Abstract:
Soil parent material exerts a fundamental control on many environmental processes.
Nevertheless, resulting from the separate mapping programmes of the geological and
soil surveys, parent material is currently poorly mapped in the United Kingdom. This
research develops and tests four methods of predicting soil parent material using three
study areas in England. The qualities of desirable parent material maps were stated, and
then used to create new map value metrics to assess the success of the four
methodologies.
Firstly, translations of surface and bedrock geology maps to parent material maps were
tested, using international and national parent material classifications. Secondly,
qualitative expert knowledge of parent material, captured from published literature, was
formalised into inputs for a corrected probability model. Parent material likelihood was
predicted using three map evidence layers: geology, slope and soil. Thirdly, extensive
data mining was used to create fully quantitative inputs for the same probability model,
and the results were compared. The final method provided a quantitative framework for
the expert knowledge model inputs by the incorporation of sparse data sampling.

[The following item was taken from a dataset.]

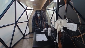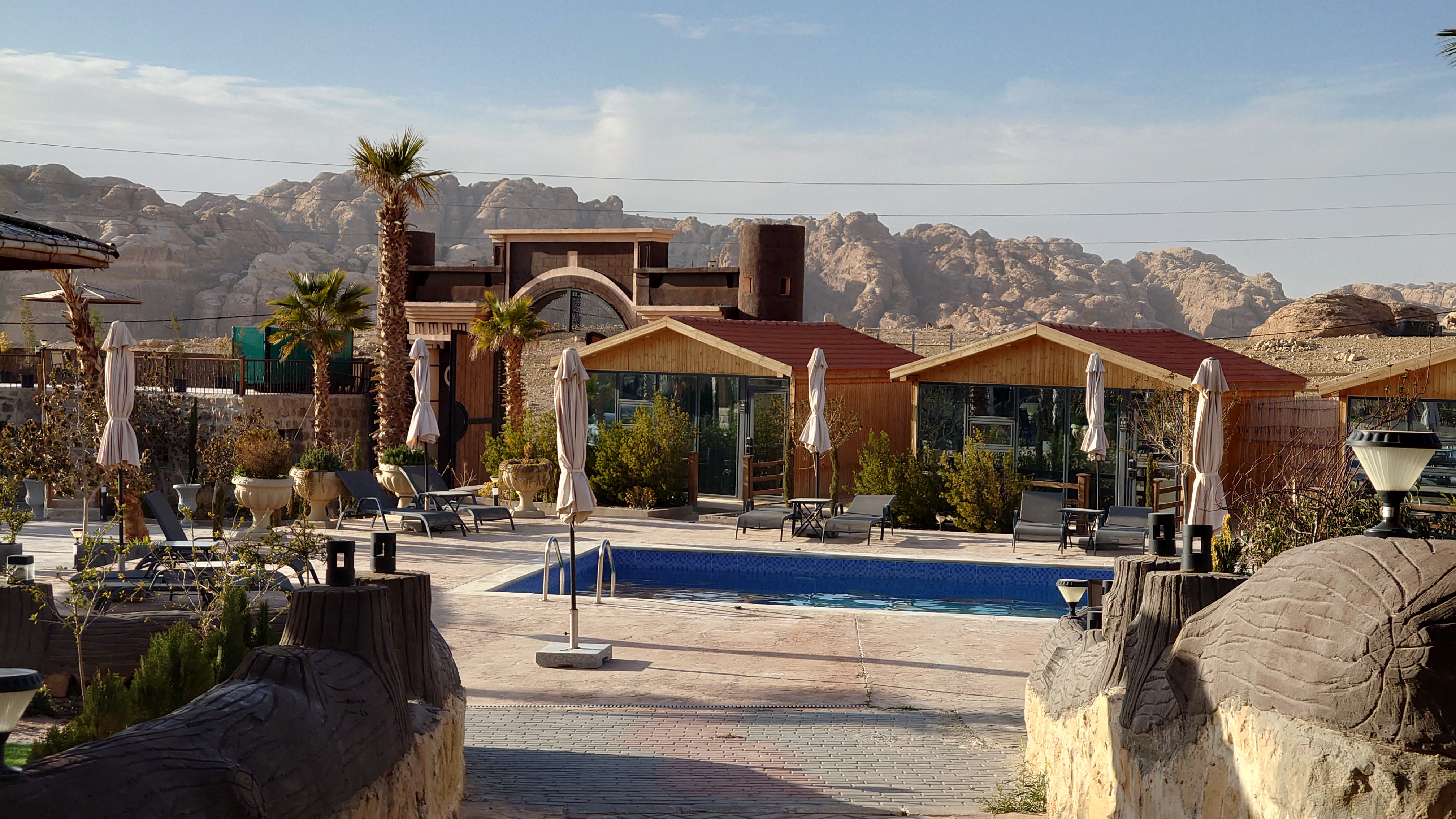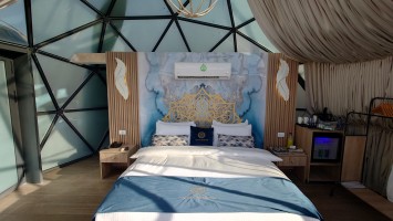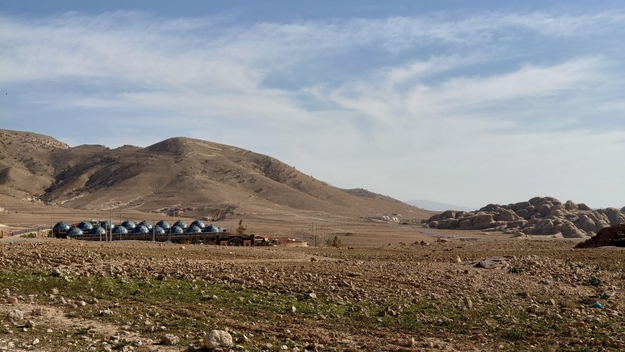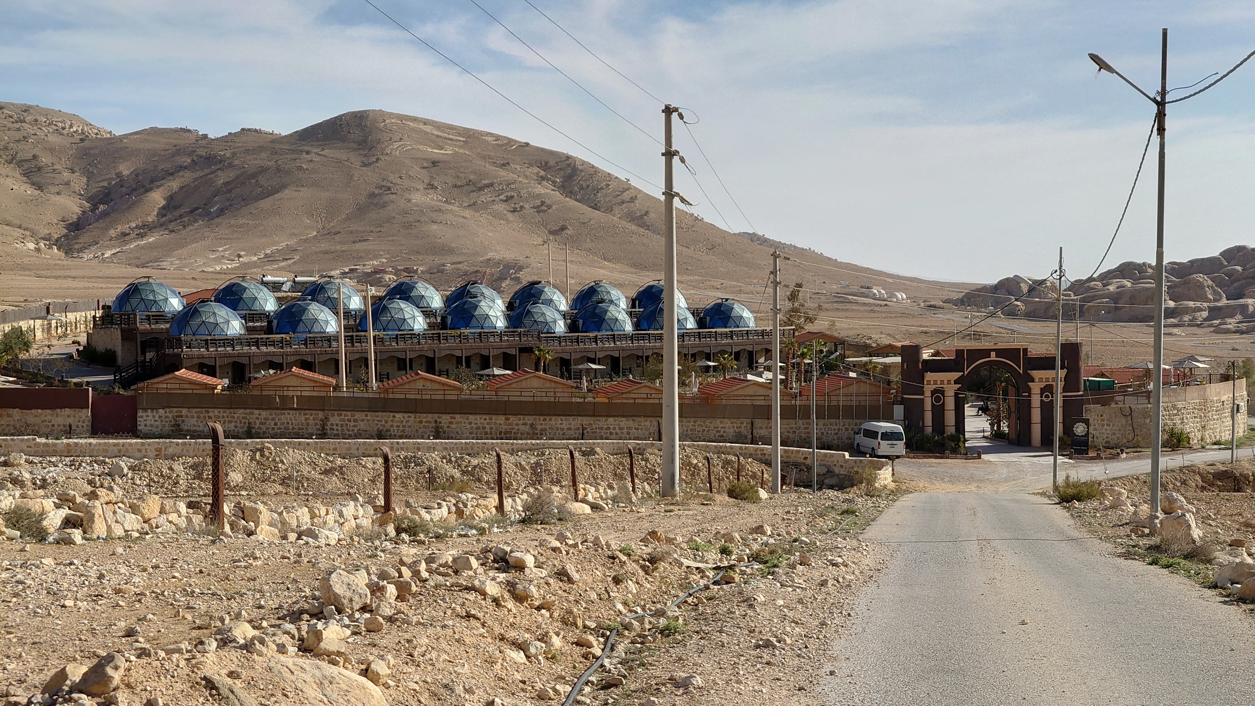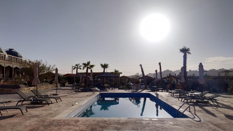 Gegen 16 Uhr begebe ich mich in den Ort, vorbei an einem Supermarkt, der komplett ausgeblutet noch genau eine Limo anbietet. Ich habe da was gesehen beim reinfahren. So ne Weltraumbehausung. Tatsächlich gibt es hier ein Grandhotel mit Sphären, unter denen man schlafen kann. Ich komme hinein und werde wieder ungläubig angeschaut. Ja, ich habe. icht gebucht und naja, vielleicht kann ich in so einer Kugel da vielleicht übernachten vielleicht? Griiiins. Ich darf. Mega Special Price. Es ist nämlich sonst niemand hier. Statt 200 JD heute nur 70. Aaaber: alles hat zu: Das Restaurant, die Bar. Kein Abendessen, kein Frühstück, kein Hotelpersonal außer dem Rezeptionisten. Aber hey. der Pool hat 12 Grad kaltes Wasser! Mehr brauche ich nicht. Ich bekomme ein Austronautenbett mit 10 Kissen unter einer Sphäre. Wieder alles meins!

The expert knowledge method created parent material maps of higher value than those
created by the translation of geological maps. However, the inputs derived from
qualitative expert knowledge were demonstrated to benefit from the addition of
quantitative sample data. The resulting maps achieved overall accuracies between 60%
and 90% and contained numerous detailed classes with explicit probabilities of
prediction. Extensive parent materials were shown to be predicted well, and physically
and chemically distinctive parent materials could be effectively predicted irrespective of
their extent. Parent material class confusion arose between units where the evidence
datasets were unable to provide the sufficient geographic or descriptive detail necessary
for differentiation. In such cases, class amalgamation was used to overcome consistent
misclassification. Recommendations are provided for the application of this research.